What is a recursive CTE, and when would you use one?

7 minadvancedrecursive-ctehierarchical-datacte

Quick Answer

A recursive CTE (`WITH RECURSIVE`) lets a query reference itself, repeatedly building on prior results until no new rows are produced — the standard way to traverse hierarchical or graph-like data (org charts, category trees, bill-of-materials, dependency graphs) that a fixed number of joins can't handle because the depth is unknown or variable.

Detailed Answer

The problem: unknown-depth hierarchies

-- employees: id, name, manager_id

Finding "all of Alice's direct reports" is a simple join.

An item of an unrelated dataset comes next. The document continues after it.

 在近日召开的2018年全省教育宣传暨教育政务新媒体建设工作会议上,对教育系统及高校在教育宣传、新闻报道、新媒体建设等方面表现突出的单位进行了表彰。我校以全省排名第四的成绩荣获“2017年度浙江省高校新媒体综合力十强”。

Finding "everyone in Alice's entire management chain below her, at any depth" can't be expressed with a fixed number of joins, because the org chart's depth varies and isn't known in advance.

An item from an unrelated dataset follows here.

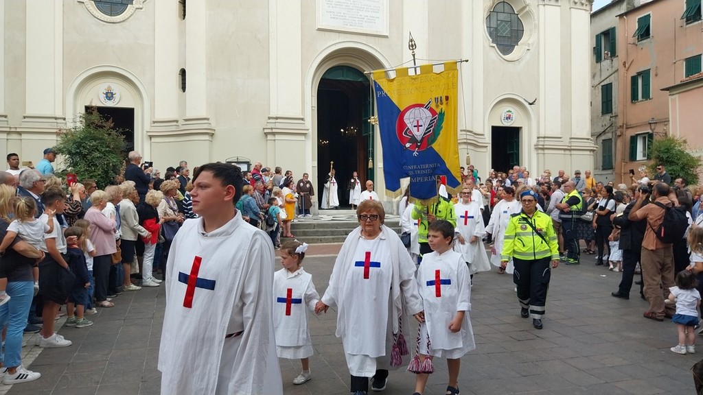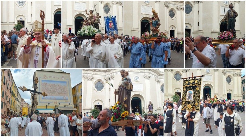Le statue dei santi e i crocifissi dalla Basilica di San Giovanni sono stati trasportati, dal clero e dalle confraternite cittadine, lungo le vie del centro storico. Ad attendere il corteo religioso centinaia di imperiese tra fedeli, devoti e curiosi.

Anatomy of a recursive CTE

WITH RECURSIVE subordinates AS (
    -- Base case (anchor member): the starting row(s)
    SELECT id, name, manager_id, 1 AS depth
    FROM employees
    WHERE id = 1   -- Alice's id

    UNION ALL

    -- Recursive member: references the CTE itself
    SELECT e.id, e.name, e.manager_id, s.depth + 1
    FROM employees e
    JOIN subordinates s ON e.manager_id = s.id
)
SELECT * FROM subordinates;

How it executes conceptually:

  1. Run the base case (anchor) once — this seeds the initial working set (Alice herself).
  2. Run the recursive member using only the newest rows added in the previous iteration, producing a new batch of rows (Alice's direct reports).
  3. Repeat step 2, each time joining against only the previous iteration's new rows, until an iteration produces zero new rows — then stop.
  4. UNION ALL all iterations' results together as the final output.

Termination

The recursion must eventually stop producing new rows, or it runs forever (or until an engine-enforced recursion limit is hit — PostgreSQL doesn't have a hard limit by default and will happily loop indefinitely on a cyclic graph without one; SQL Server defaults to a 100-level MAXRECURSION limit specifically to guard against this). For genuinely cyclic data (e.g., a graph where cycles are possible, unlike a strict tree), you must explicitly track visited nodes and exclude them to avoid infinite recursion:

WITH RECURSIVE paths AS (
    SELECT start_node, end_node, ARRAY[start_node] AS visited
    FROM edges WHERE start_node = 'A'

    UNION ALL

    SELECT e.start_node, e.end_node, p.visited || e.end_node
    FROM edges e
    JOIN paths p ON e.start_node = p.end_node
    WHERE NOT e.end_node = ANY(p.visited)   -- prevents revisiting a node, avoiding infinite loops
)
SELECT * FROM paths;

Common use cases

  • Org charts / management chains (as above).
  • Category/product hierarchies (find all subcategories under "Electronics," arbitrarily nested).
  • Bill-of-materials explosions (a product made of sub-assemblies, made of sub-sub-assemblies...).
  • Graph traversal — shortest/all paths between two nodes, dependency resolution.

Performance note

Recursive CTEs can be slow on deep or wide hierarchies since each level is a fresh join pass; for read-heavy, rarely-changing hierarchies, a materialized path or closure table (precomputed ancestor/descendant pairs, maintained on write) is a common denormalization that trades write complexity for much faster read queries — worth mentioning as the production alternative when a recursive CTE becomes a bottleneck.